In fact, it is noted from all the prior art documents quoted during the appeal proceedings that the first reports on the use of contrast agents in NMR imaging appeared in the early 80's, whilst (35) dates from 1978. Therefore the person skilled in the art had no reason to interprete the document in the light of a general common knowledge which became available only years later. As a matter of fact, the experimental work described in (35) was intended to investigate the properties of dextran-magnetite as a potential pore-selective reagent which could, if proved successful, open up new possibilities for the selective control of the relaxation rate of the extracellular water, without disturbing the relaxation rate of water in closed cells. However, in the light of the technical teaching in (35), the potential as a contrast agent in in vivo NMR imaging remained to be proved
On the basis of the above consideration, the Board is of the opinion that the subject-matter of claim 1 is not derivable in an obvious way from the combined teaching of (13) and (35).
7.6.5. Even less relevant, in the Board's judgment, is the teaching in (39) (Z. ABE).
Document (39), like (35), does not describe an NMR imaging technique, but relates to the different aspects and applications of a method that is, or is very close to, the Magnetic Focusing Method disclosed by the same authors in (63) (supra). The method is based on the differentiation of the resonance frequency of a liquid, such as water, in different and adjacent tissues having nuclear magnetic moment placed in a static magnetic field. In vivo selective measurement of the relaxation time of a particular part of the target body is possible by way of said method.

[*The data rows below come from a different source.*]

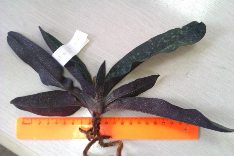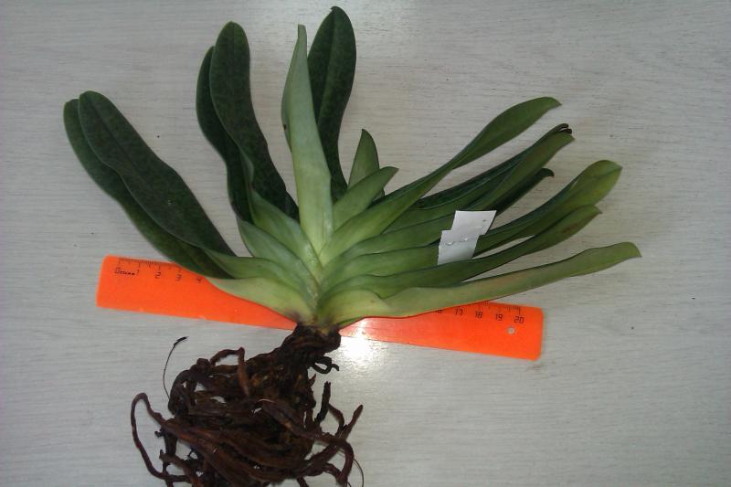 Мой отзыв нельза назвать объективнм, но забрала своего вожделенного Dtps. Purple Martin Blue в первый день раздачи - 12.10.2015. Было очень мало корней, все были достаточно сухие, после замачивания на 15 мин в воде выяснилось, что большая часть корней сгнила. Плюс на трех нижних листья были сухие черные пятна в большихх количествах. Листья с пятнами удалила, посадила в сухую кору. Сегодня растение распалось на "верх" и "низ" - спасать нечего, обе части сгнили напрочь, несмотря на сухую кору. Очень жаль растение, я его давно хотела. Неудачная, имхо, поставка.
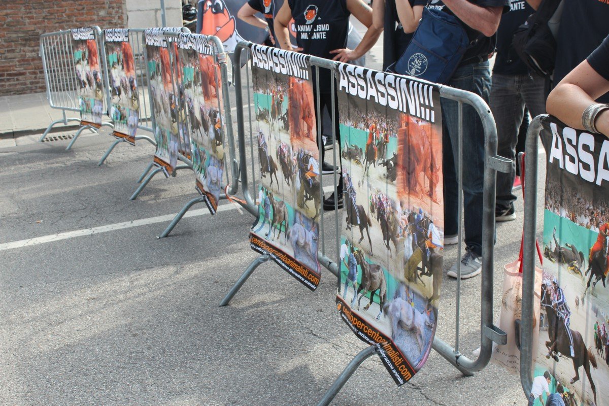 Domenica 27 maggio, Militanti di Centopercentoanimalisti hanno contestato il palio di Ferrara, tra cori, gavettoni e lanci di carta igienica, solo pochi momenti di tensione con qualche ubriacone di passaggio, tutti gli impavidi che nei giorni scorsi avevano minacciato azioni contro il presidio, nemmeno l’ombra. Duramente contestato al suo passaggio …
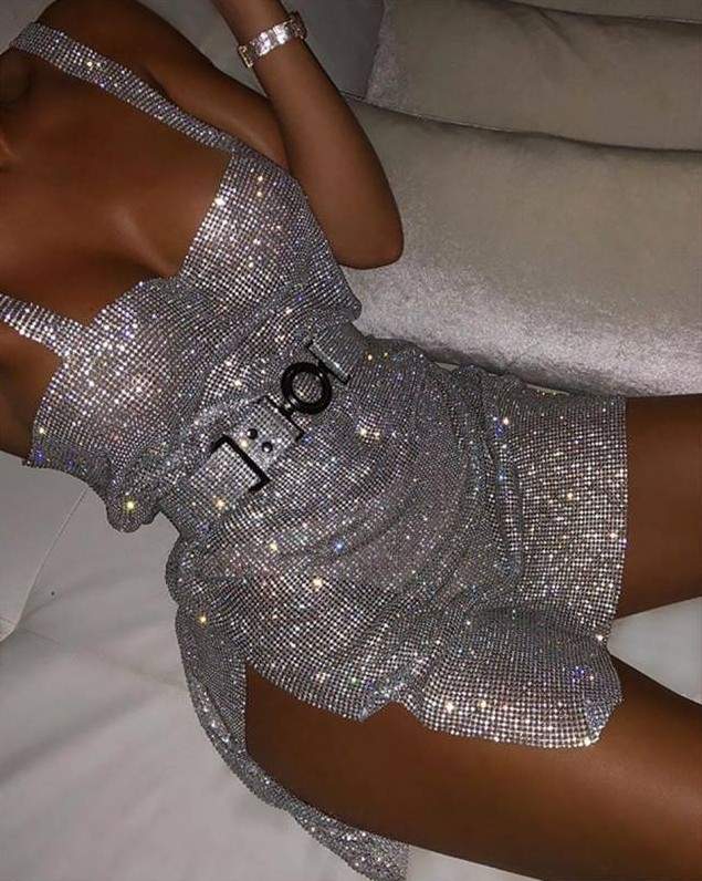 Серебряное платье с камнями
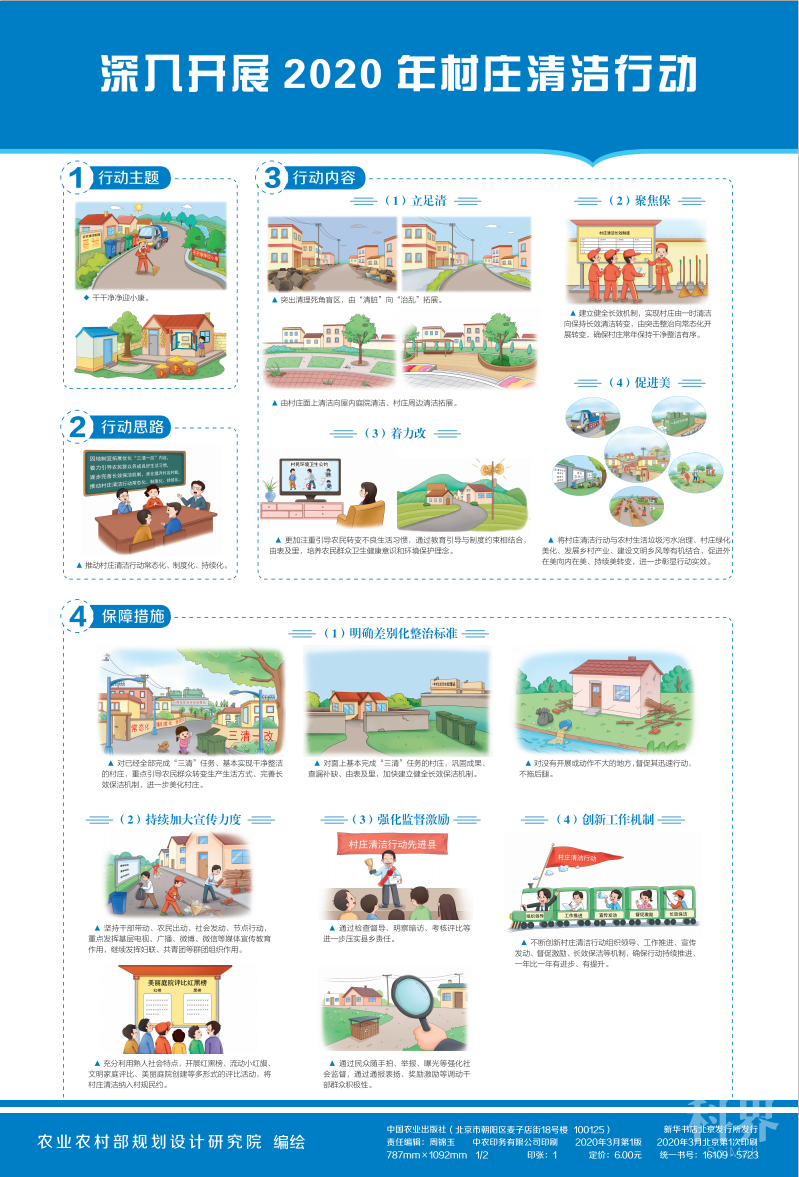 本系列挂图以干干净净迎小康为主题,推动村庄清洁行动常态化、制度化、持续化为行动思路,对2020年村庄行动的行动内容以及保障措施2个方面进行了重点介绍,提出以“立足清”、“聚焦保”、“着力改”“促进美”为行动内容,以“明确差别化政治标准”、“持续加大宣传力度”、“强化监督激励”、“创新工作机制”为保障措施,为2020年深入开展村庄行动起到一定借鉴指导作用。
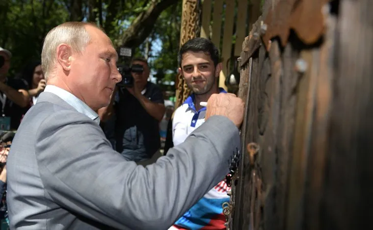 Путин пообщался с участниками Северо-Кавказского форума. Самым интересным моментом встречи был разговор с одним из волонтеров. Тот вспомнил старую осетинскую традицию, по которой уважаемый гость в «знак дружбы» оставлял на двери свою подпись. Президент не мог отказать в просьбе участникам «Машука» и расписался на двери XVI века, которую восстановили волонтеры из Северной Осетии, уточняет .
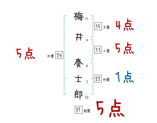 梅井奏士郎さんの画数の鑑定結果
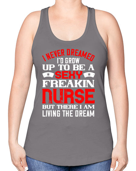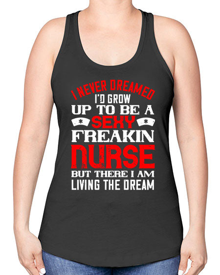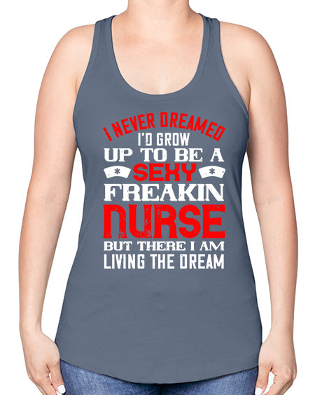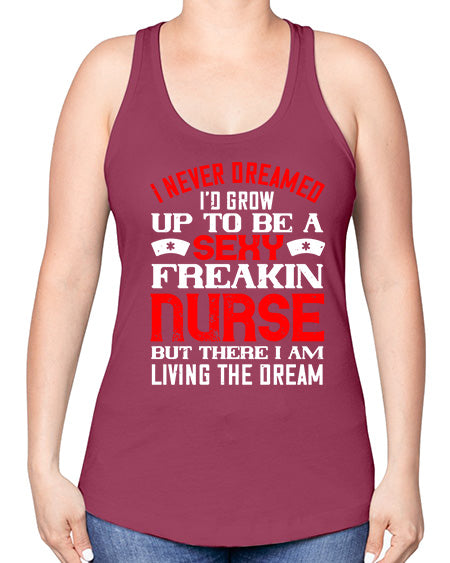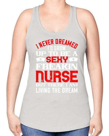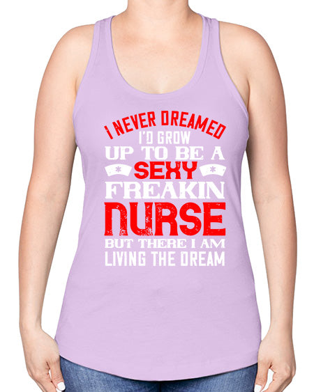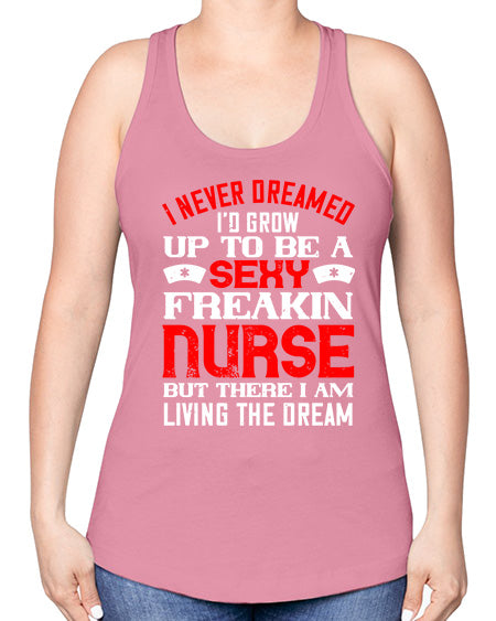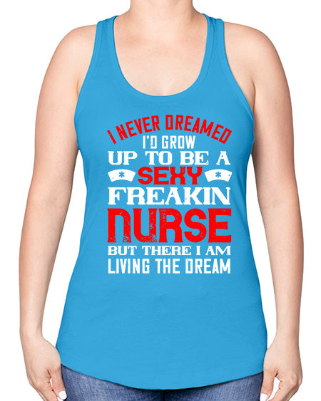 I never dreamed id grow up to be a sexy freakin nurse but there i am living the dream Style 913# - nurse -Racerback Tank
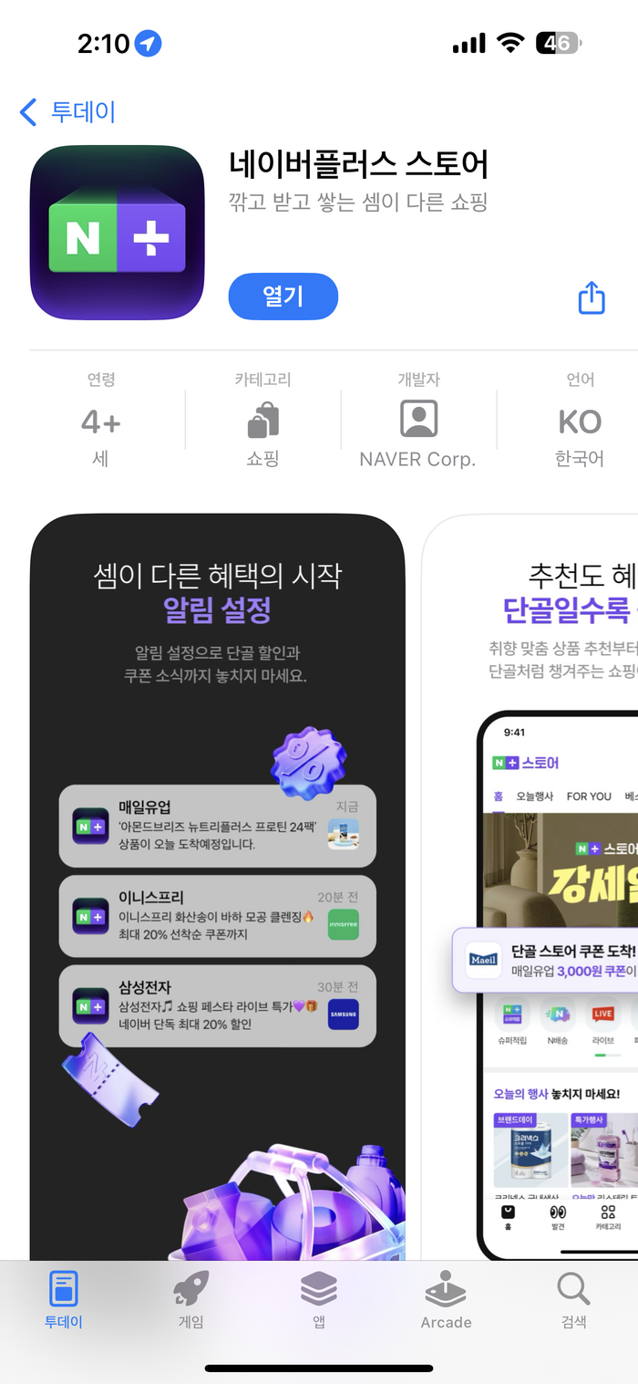 애플 스토어서 출시된 ‘네이버플러스 스토어’. [사진 출처 = 독자 제공] 네이버의 자체 인공지능(AI) 쇼핑앱 ‘네이버플러스 스토어’가 출시 직후부터 이용자들의 큰 주목을 받고 있는데 가운데,일주일째 넘게 지연됐던 아이폰 버전 출시가 19일 오전 이뤄졌다. 애플의 앱 심사가 마무리되면서 애플 스토어에서도 설치가 가능해진 것이다.

The use of ferromagnetic powder (ferrite) is suggested according to the second embodiment of the invention of (39) (cf. column 8, line 44 to 62). However, beside the fact that the ferromagnetic material is not used in the form of a complex according to claim 1 of the patent under appeal, ferrite is not said to act as a contrast agent in the NMR imaging technique, in the sense of a relaxation time enhancer, but as an agent which, due to its own stable magnetic field, is capable of locally influencing the field intensity of the static magnetic field and thus facilitating the discrimination of the resonance frequency of those areas comprising said agent over the neighbouring regions. As for (35), the person skilled in the art could not find in (39) any motivation or suggestion to extend the use of ferrite or any other ferromagnetic substance to different techniques and to a different purpose.
7.6.6. With reference to (2) and (46), which relate to the therapeutical indication of dextran-magnetite as a haematopoietic medicament, the Board does not recognise any relevance in these prior documents since no apparent relationship in mechanism can be envisaged between the iron reintegrating activity developed by dextran-magnetite in the treatment of iron deficiency and the activity as a NMR contrast agent based on the inherent ferromagnetic properties of some iron salts.
On the basis of the above discussed reasons, the Board holds that the subject-matter of claim 1 according to the main request involves an inventive step within the meaning of Article 56 EPC.
Since the patent can be maintained on the basis of the appellants' main request, it is not necessary to consider the auxiliary requests.
ORDER
For these reasons it is decided that:
1. The decision under appeal is set aside.
2. The case is remitted to the department of first instance with the order to maintain the patent as amended with the following claims and a description to be adapted:
Claims 1 to 10 of the main request filed with the letter of 22 April 1996.